His lawyer said the plot was loosely organized, put together at the last minute.
"There wasn't a very clearly defined plan, the whole thing was set the day before, in a meeting with this group of friends," Sonnessa said.
In addition to the arrests Sunday, police in Manchester, in northern England, detained a man at a train station under anti-terrorism legislation but said they did not believe he was linked to the London bombings. Inspector Mohammed Sultan gave no further details about the arrest at Stockport station.
In London, the Home Office said a top official would meet with Muslim leaders around Britain to discuss fighting extremism. Three of the four July 7 suicide bombers were Pakistani Britons, and their willingness to kill has raised troubling questions about militant Islam's appeal to some young Britons. Most of the July 21 attackers were immigrants from east Africa.
Spain's intelligence chief dismissed the possibility that the London bombings were connected to the train bombings in Madrid that killed 191 people last year.

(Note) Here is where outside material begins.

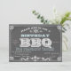 Ein Vintages Retro-Look Geburtstagsgeschenk GRILLEN (Bar b que) schimmernd Chalkboard Vorlage mit Zierdesigns und Blume.

Alberto Saiz, director of the National Intelligence Center, told the daily El Pais that similarities between the attacks were limited to "their outward appearance" and the targeting of transport networks.
"At that point, the differences start," Saiz was quoted as saying, noting particularly that two sets of attacks had been carried out in London.
"In contrast to Madrid, this gives us the feeling that they are coordinated with other groups or have direction from above — and that there is a plan," he added. "This is not an isolated group that decides to act on its own account."